Principal invistigator: William Nickell,  Associate Professor, Chair of the Slavic Department

William Nickell's work focuses on Soviet science with an eye toward the particularity of its goals and achievements, and to examine more comprehensively the production of knowledge under Marxist cultural authority. A Bolshevik academy, freed from the influence of capitalist markets and values, was supposed to produce a different kind of science. Speakers have been asked to consider the following questions: What can be learned from the organization of the sciences that emerged from the Marxist critique of the academy as a bourgeois institution? How did government influence and the isolation of the Soviet academy both contribute to and inhibit its successes? What was the role of centralized planning, patronage, and organization? What Soviet schools emerged, and how were their approaches inflected by the intellectual habitus in which they operated? 

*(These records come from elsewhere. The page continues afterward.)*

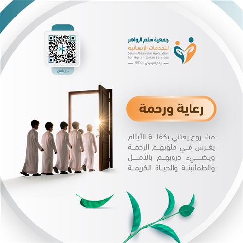 حملة كفالة يتيمين - سنة كاملة - ضمن مشروع رعاية ورحمة للعناية بكفالة الأيتام ورعايتهم، وغرس الرحمة في قلوبهم وإضاءة دروبهم بالأمل والطمأنينة والحياة الكريمة ، قال رسول الله ﷺَ: "أنا وكافل اليتيم كهاتين في الجنة" وأشار بأصبعيه السبابة والوسطى .
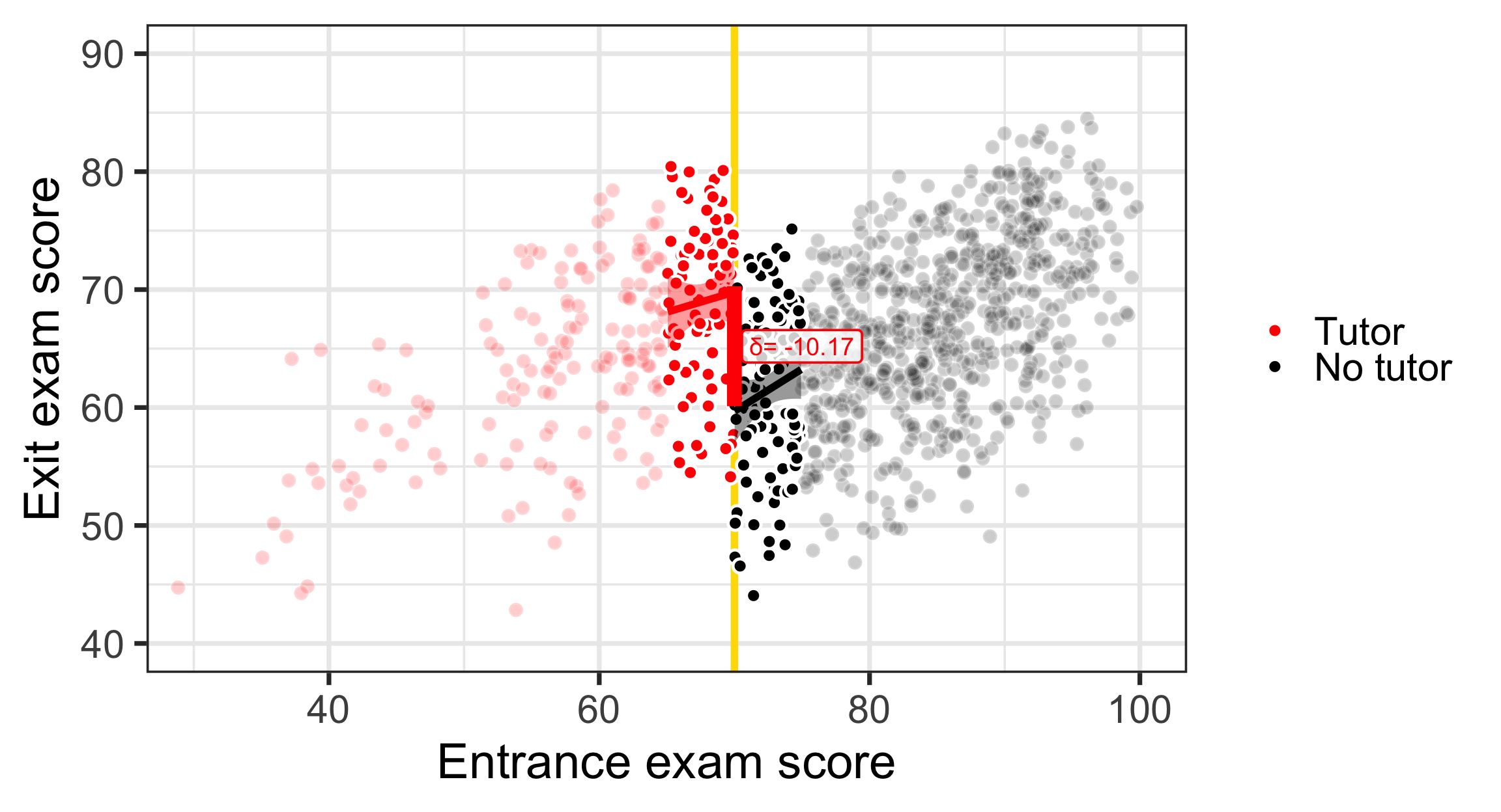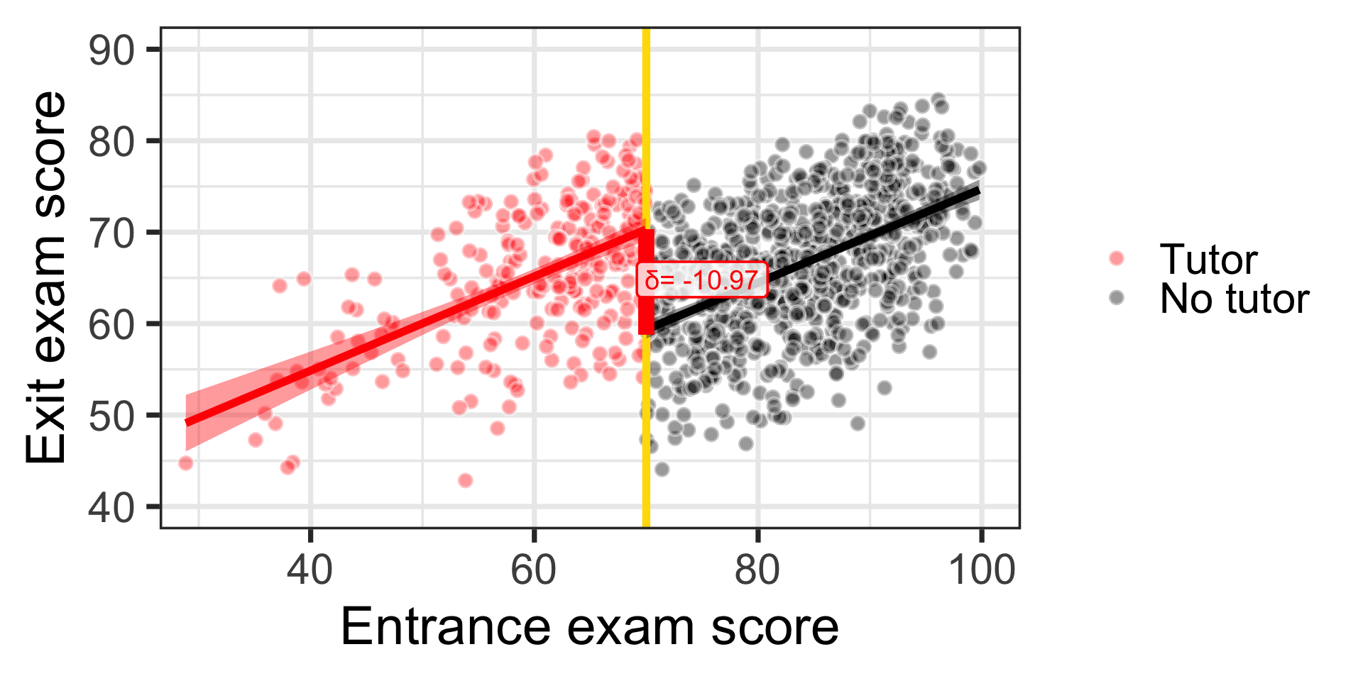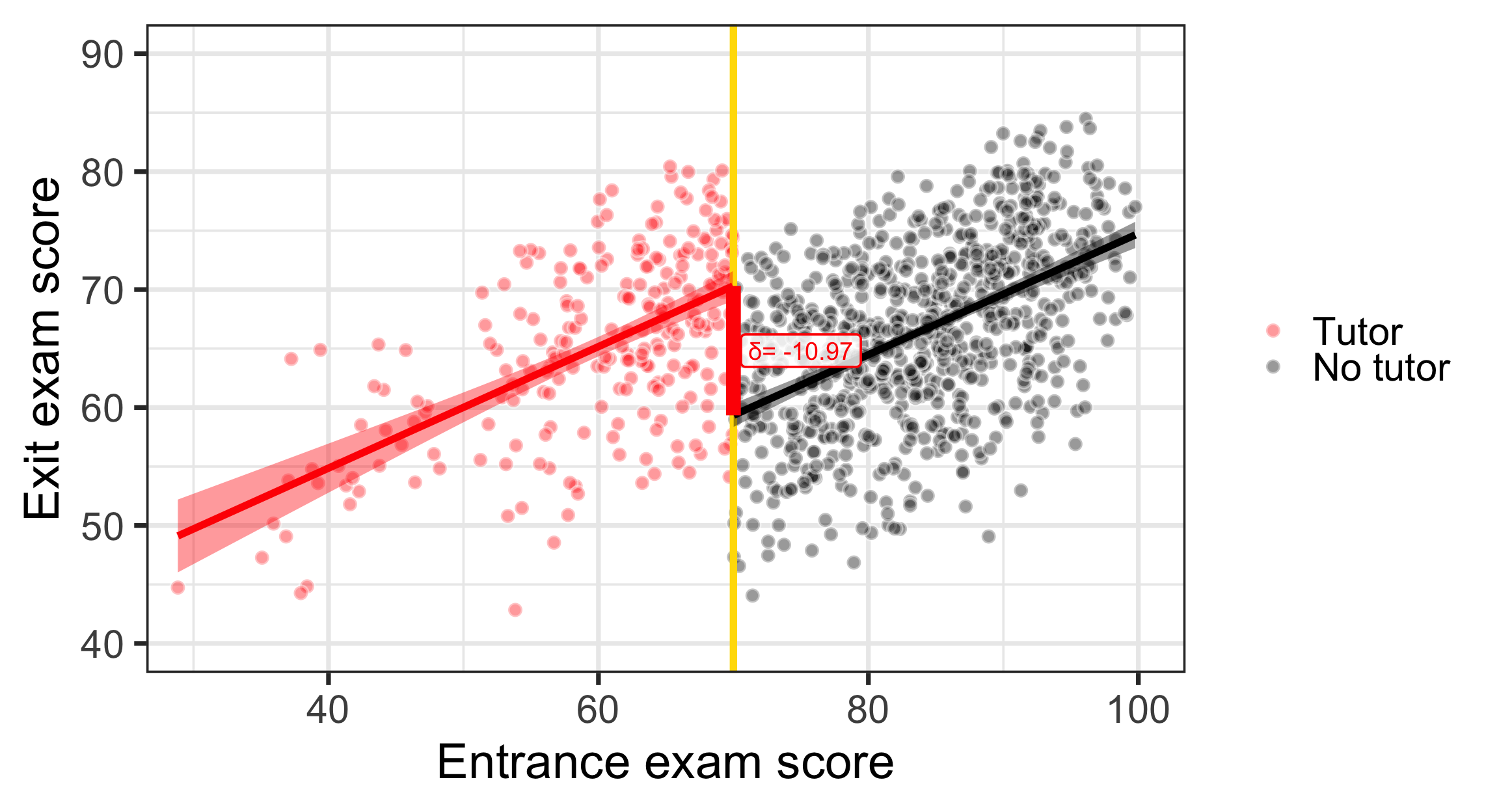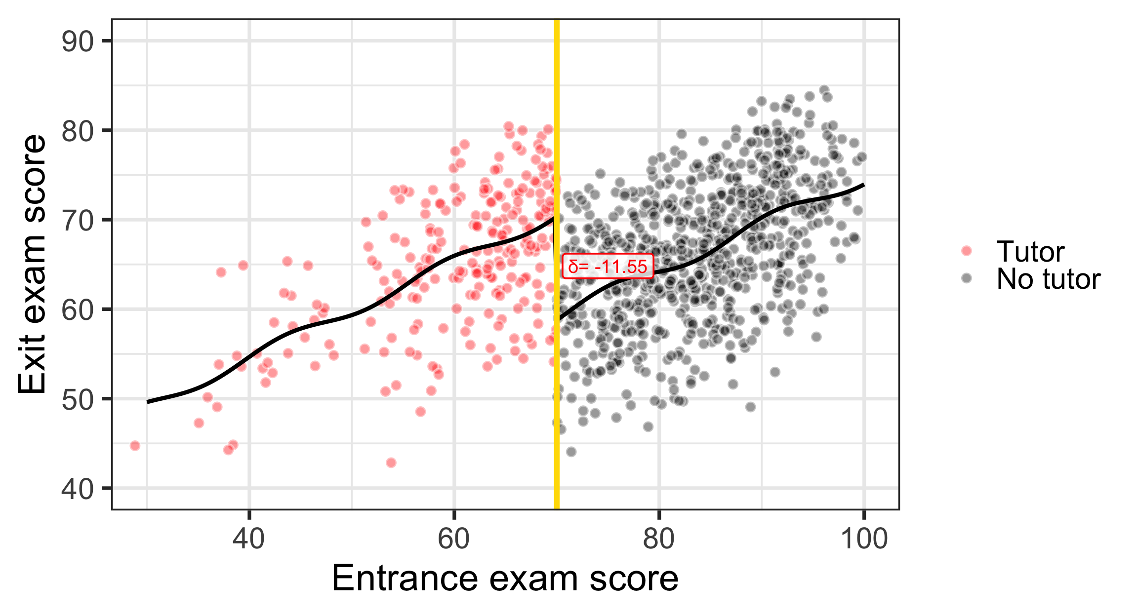 program_data <- tutoring %>%mutate(entrance_centered = entrance_exam -70)model1 <-lm(exit_exam ~ entrance_centered + tutoring,data = program_data)x<-tidy(model1)late<-round(x$estimate[x$term=="tutoringFALSE"],2)const<-round(x$estimate[x$term=="(Intercept)"],2)ggplot(tutoring, aes(x = entrance_exam, y = exit_exam, fill = tutoring_text)) +geom_point(size =3, pch =21, color ="white", alpha =0.4) +geom_vline(xintercept =70, size =2, color ="#FFDC00") +labs(x ="Entrance exam score", y ="Exit exam score") +#guides(fill = "none") +guides(fill =guide_legend(reverse =TRUE)) +geom_smooth(data =filter(tutoring, entrance_exam <=70),method ="lm",color="red",#aes(color = tutoring_text),size =2, show.legend =FALSE) +geom_smooth(data =filter(tutoring, entrance_exam >70),method ="lm", color="black",#aes(color = tutoring_text),size =2, show.legend =FALSE) +scale_fill_manual(values =c("black", "red"), name =NULL) +scale_color_manual(values =c("black", "red")) +theme_bw(base_size =28)+annotate(geom ="segment", x =70, xend =70, y = effect_control, yend = effect_treatment,size =4, color ="red") +annotate(geom ="label", x =75, y = const + (late /2),label =paste("δ=", late),size=5,color ="red", fill =alpha(c("white"),0.8))+coord_cartesian(xlim =c(30, 100), ylim =c(40, 90))
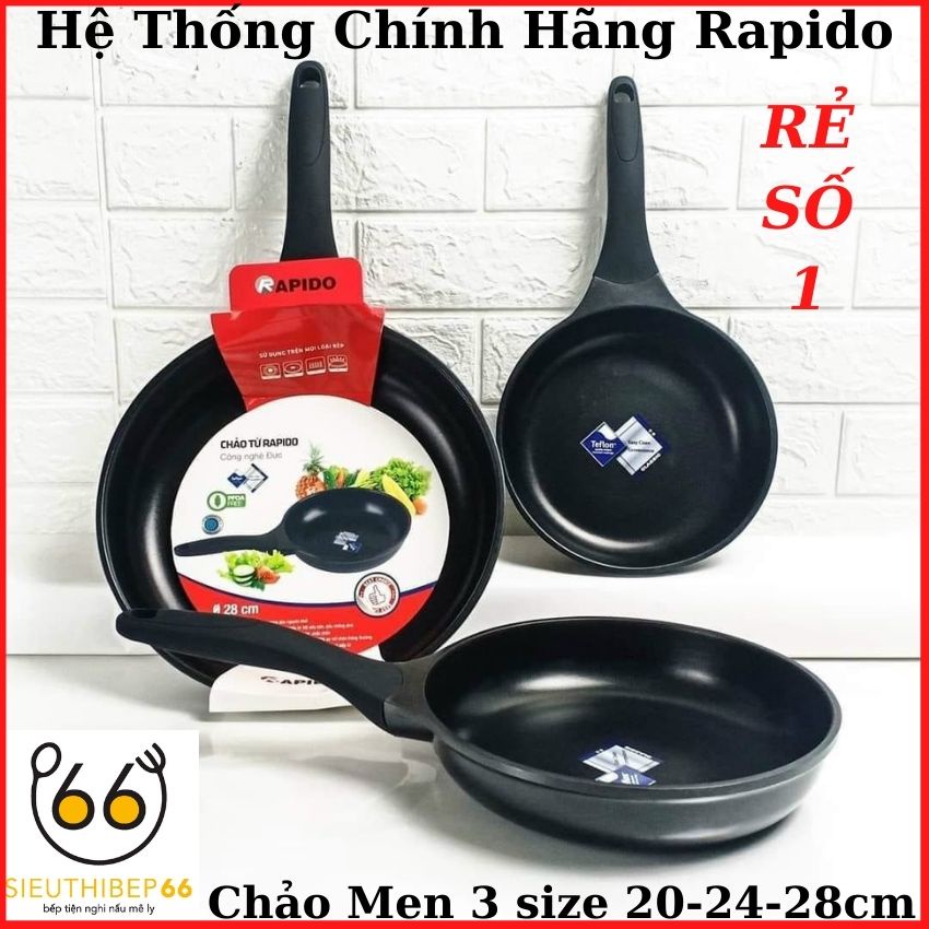 Nhà cửa & Đời sống > Dụng cụ nhà bếp > Chảo || Chảo chống dính Teflon Rapido – size 20-24-28cm, chảo từ men đen, dùng bếp từ, bếp điện, chịu nhiệt lên tới 500 độCòn hàng

Additionally, he is interested in studying the dissemination of academic knowledge as both product and agent of Bolshevik power. The Soviet government set forth an ambitious agenda of mass education, approaching it not only as a strategic concern, but also as an instrument of progressive politics. In the attempt to liberate knowledge from class constraints, special attention was paid to the formation of knowledge in common, which was viewed as a productive constituent of the personality, integrated within strong collective identities. Common knowledge and shared belief were treated as antidotes to alienation, and produced that stability/stagnation of the later Soviet period that lasted until the reforms of the late 1980s introduced new models of knowing and information exchange, destabilizing the whole system.